For Q4, were the experiments conducted on datasets that have been used by other methods?
Additionally, why does the proposed method still significantly outperform other approaches even in non-high dynamic range scenarios?
I believe that although this paper represents a pioneering work, it still lacks sufficiently robust comparative experiments to validate the effectiveness of its methodological innovations.
Thank you for providing further feedback. We are encouraged that our responses have successfully addressed part of your concerns. The remaining ones are further clarified as follows.
Q1: Regarding Q2, why did the authors not present the computation time?
Reply: Thank you for pointing this out. We further report the inference time for completeness:
Table 1: Accuracy under Varying Number of Patterns (RMSE in mm)

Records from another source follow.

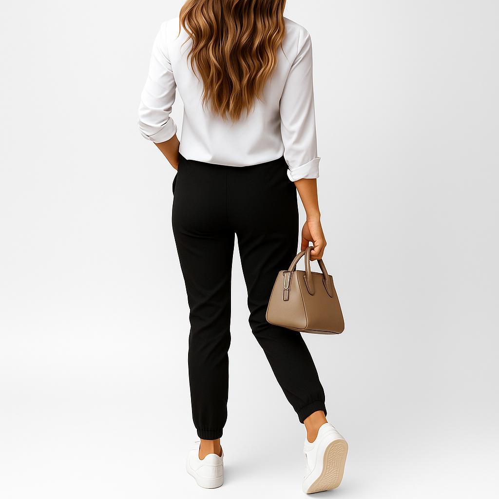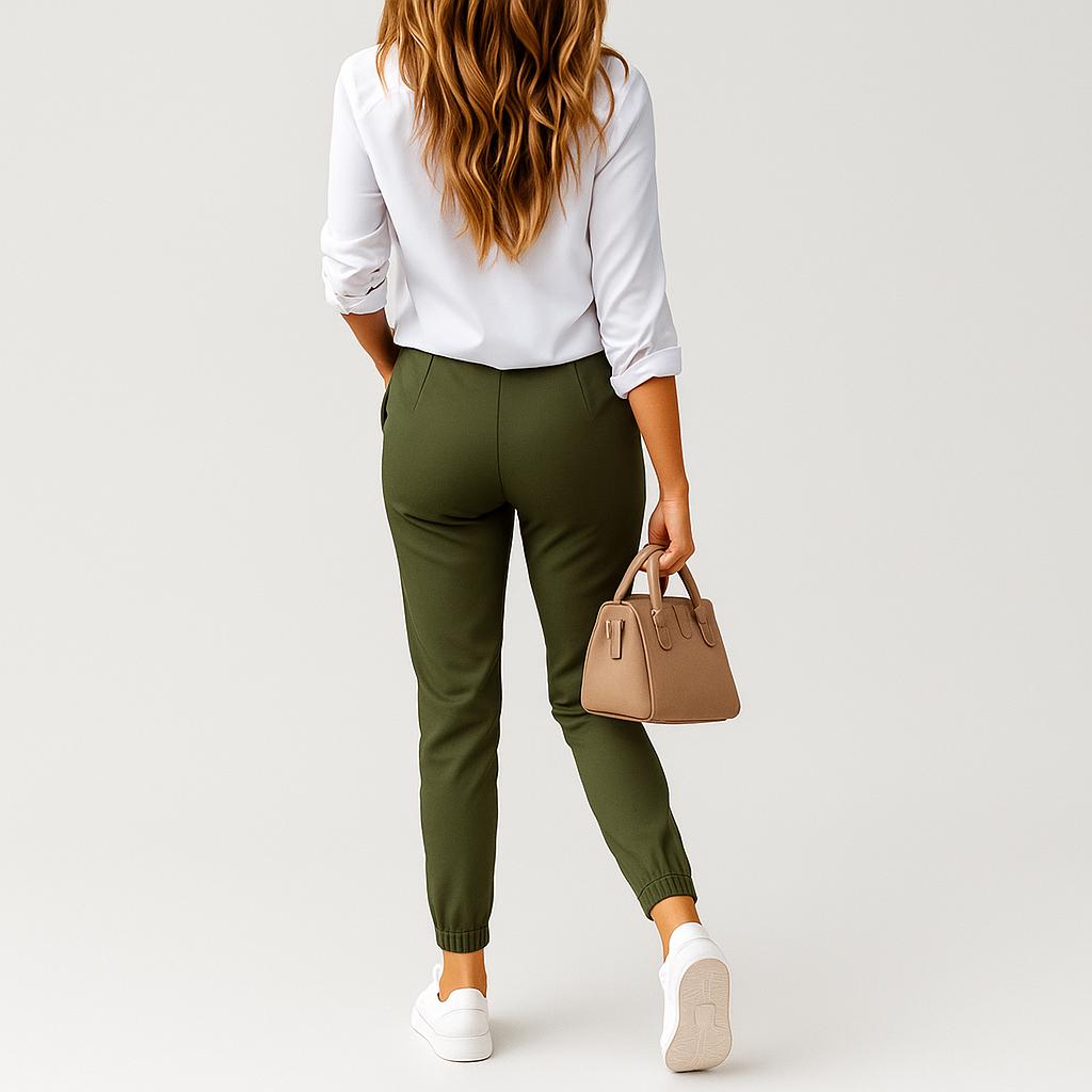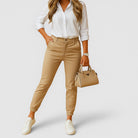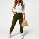 Calças chino femininas com corte slim fit e cintura média
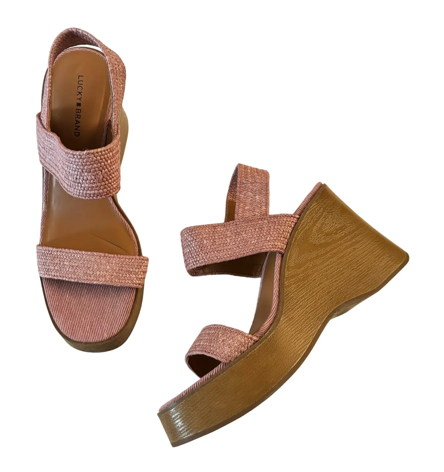 Features: Lucky Brand Delukah Pink Slingback Weave Straps Platform Wedge Sandals; Heel height is app... Show more
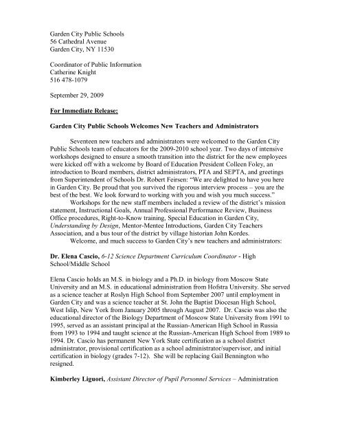 Garden City Public Schools Welcome New Teachers Garden City Ny Patch
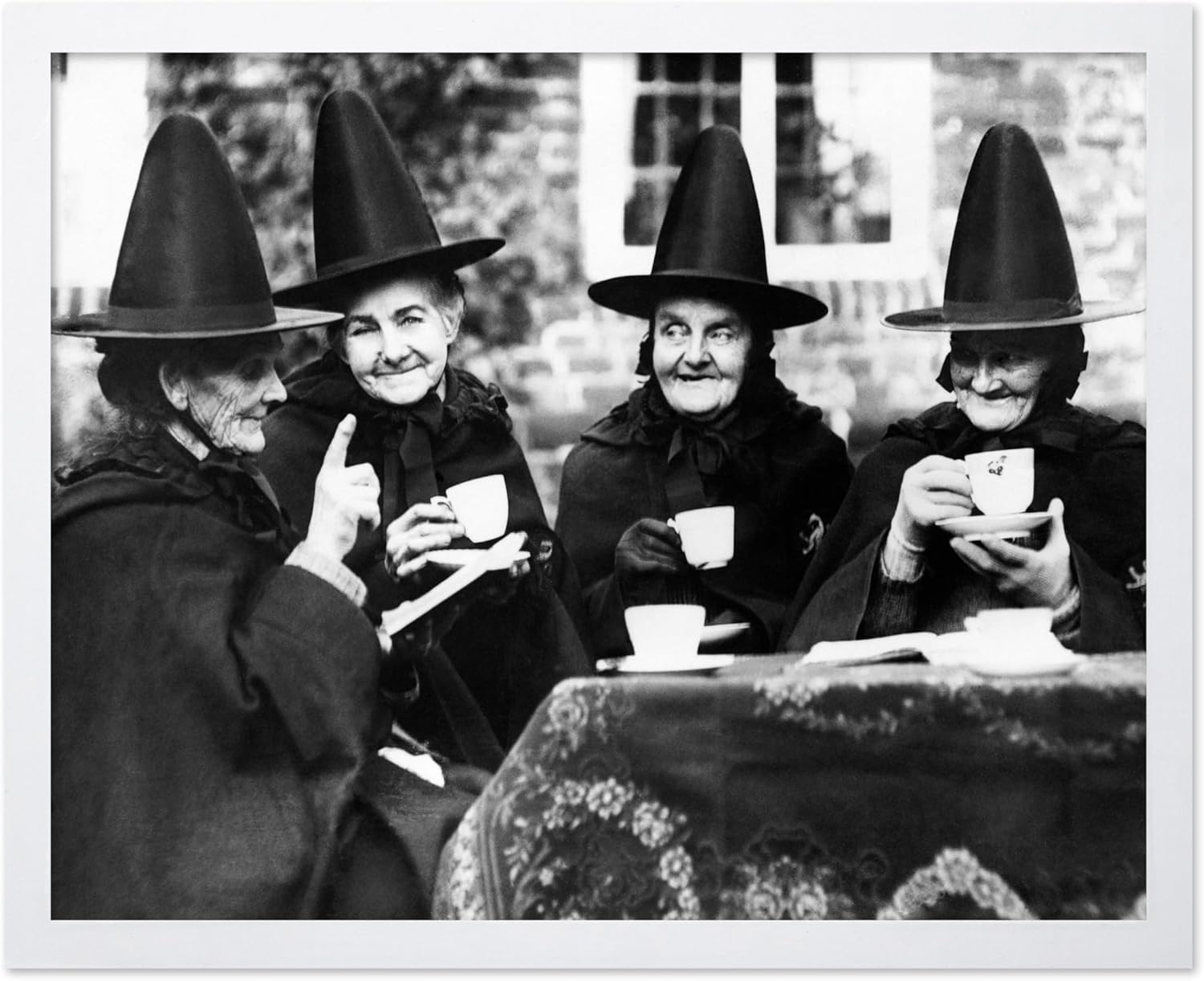 Poster Master Classic Photograph Poster - Vintage Halloween Print - Gift for Artist, Friend - Witches Tea Party, Old Women Smiling, Wearing Robes - Wall Decor for Living Room, 16x20 White Framed

| Num of Patterns (N) | Plane | Sphere | Inference Time (s) |
|---|---|---|---|
| 1 | 1.10 | 1.18 | 0.261 |
| 2 | 0.85 | 0.91 | 0.338 |
| 3 | 0.55 | 0.65 | 0.408 |
| 4 | 0.55 | 0.57 | 0.499 |
| 5 | 0.50 | 0.52 | 0.565 |
| 6 | 0.41 | 0.49 | 0.643 |
| 7 | 0.40 | 0.47 | 0.712 |
As can be observed, selecting N=3 strikes a balance between accuracy and efficiency for our method.
Q2: For Q4, were the experiments conducted on datasets that have been used by other methods?
Reply: Unfortunately, existing datasets used by previous methods [1][2] only render one single speckle frame for each view, and thus our multi-frame method cannot be directly applied to them. Kindly note that all learning-based baselines were re-trained on our proposed dataset with a three-frame extension to ensure consistency and fairness in comparison.
Q3: Why does the proposed method still significantly outperform other approaches even in non-high dynamic range scenarios?
Reply: Even in non-HDR scenarios, complex surface geometry can still lead to distortion or loss of random speckles, resulting in varying speckle quality across frames at a given location. In this case, our proposed confidence-driven stereo matching remains effective by dynamically adjusting the weights of the three frames according to their quality, which in turn improves matching accuracy. Furthermore, as detailed in Section 3.2.2, the proposed confidence propagation volume provides enhanced representation capability, which also contributes to improved matching accuracy. These results collectively highlight the generality and superiority of our method across diverse scenarios.
[1] Schreiberhuber S, Weibel J B, Patten T, et al. Gigadepth: Learning depth from structured light with branching neural networks. In: European Conference on Computer Vision. Cham: Springer Nature Switzerland, 2022: 214–229.
[2] Riegler G, Liao Y, Donne S, et al. Connecting the dots: Learning representations for active monocular depth estimation. In: Proceedings of the IEEE/CVF Conference on Computer Vision and Pattern Recognition, 2019: 7624–7633.
Thanks for the carefully rebuttal. I have no further questions and will take your response into account when making the final decision.
We are glad our response adequately addressed your concerns. Thank you again for helping us improve our paper.
Dear Reviewer, Thank you for the discussions and considering the rebuttal and other reviews. Please also note that you must acknowledge having read the reply and enter your final rating and justification before the deadline. Respectfully, your AC
With two borderline accept and two accept ratings, the perception of this work is fairly much on the positive side. All reviews and rebuttals have been carefully considered, and this AC agrees that this work meets the bar of NeurIPS.